SHAH ALAM: CCM Duopharma Biotech Bhd (CCM Duopharma) has today unveiled its new corporate identity as Duopharma Biotech Bhd after obtaining shareholders’ approval in line with its integral corporate rebranding exercise.
The rebranding exercise was undertaken following by the demerger from its then parent Chemical Company of Malaysia Bhd on December 28, 2017.
CCM Duopharma group managing director Leonard Ariff Abdul Shatar said the rebranding initiative complemented its mission to spearhead the development and offering of new and much needed medical therapies.
“This exercise would enhance public health and extend our footprint in new markets within and beyond Asean,” he said at a briefing here today.
Leonard said it was scheduled to officially change its name by April this year and post-demerger, Permodalan Nasional Bhd would become the largest of shareholder of CCM Duopharma with more than 50 per cent stake.
CCM Duopharma expects to increase biosimilar products revenue contribution to more than 25 per cent from the current 22 per cent.
“Earlier this year, we got registration for Erysaa, Erythropoietin (EPO) product that was co-developed with Korean company. We completed the clinical trial in the first quarter of last year.

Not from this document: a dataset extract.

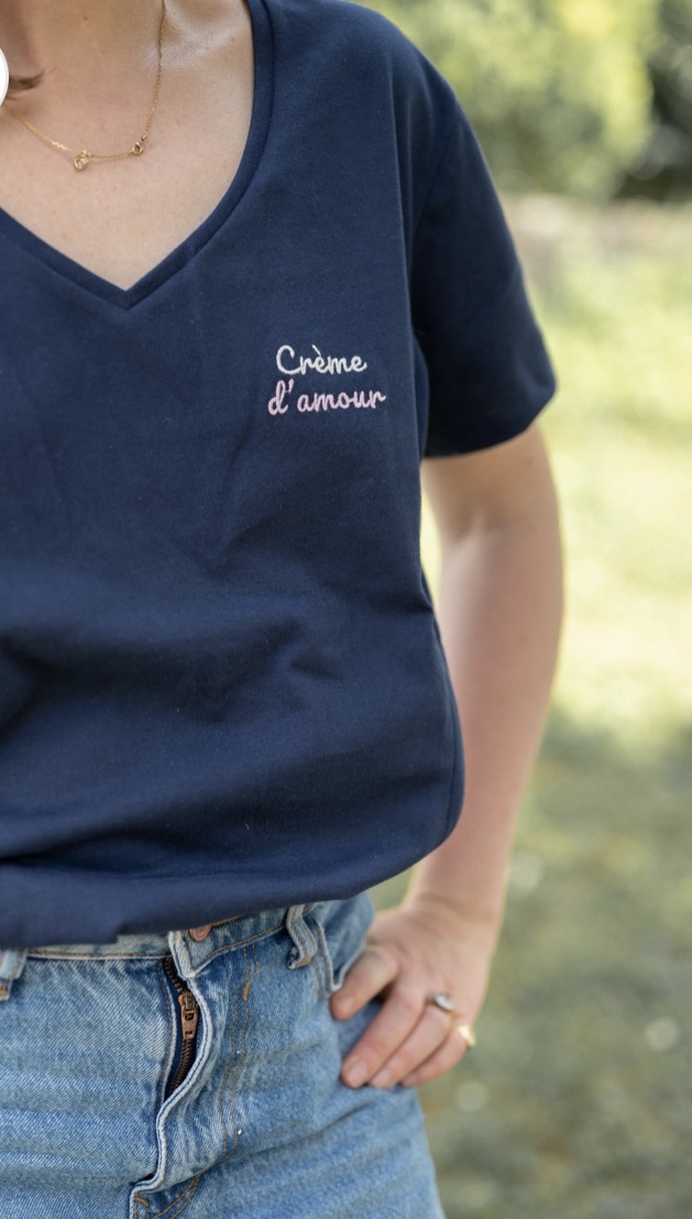 Après le succès du sweat CREME D’AMOUR et le succès de sa jolie broderie, Limky a développé pour vous, une version t-shirt au bleu marine PARFAIT !

“We hope to launch Erysaa in April this year. In the meantime, we are participating in tenders for EPO mainly products for kidneys treatment to increase red blood cells count,” he explained.
The company will also launch the first oncology manufacturing facility in Malaysia by September this year.
“Generally, we spend about three per cent of our total revenue in R&D annually. But we also do corporate venture capitalism by acquiring certain equity in companies.
“This gives us access to unique technology as we want to expand beyond the normal generic medicine to focus on biologic.
“That explains our foray into insulin and EPO, while focusing on oncology as therapeutic area,” he said.
Leonard said its foray into biologic is vital to ensure the reduce the cost for medication not only for consumers but also the government.
CCM Duopharma is expected to receive the Goods and Services Tax (GST) refund from the government this year, which would contribute to better earnings.
“Hopefully the tax refunds will occur within this financial year. It is in million (ringgit), but single digit. There are still questions that need to be addressed with the Ministry of Finance,” he said.
It was reported last year that the government still owes the pharmaceutical firm about RM10 million in GST refunds.
Meanwhile, Leonard said the current stronger ringgit against US dollar bodes well for the healthcare sector.
“Apart from salaries and packaging, primarily all raw materials are imported for pharmaceuticals and it’s all denominated in US dollar, Leonard said.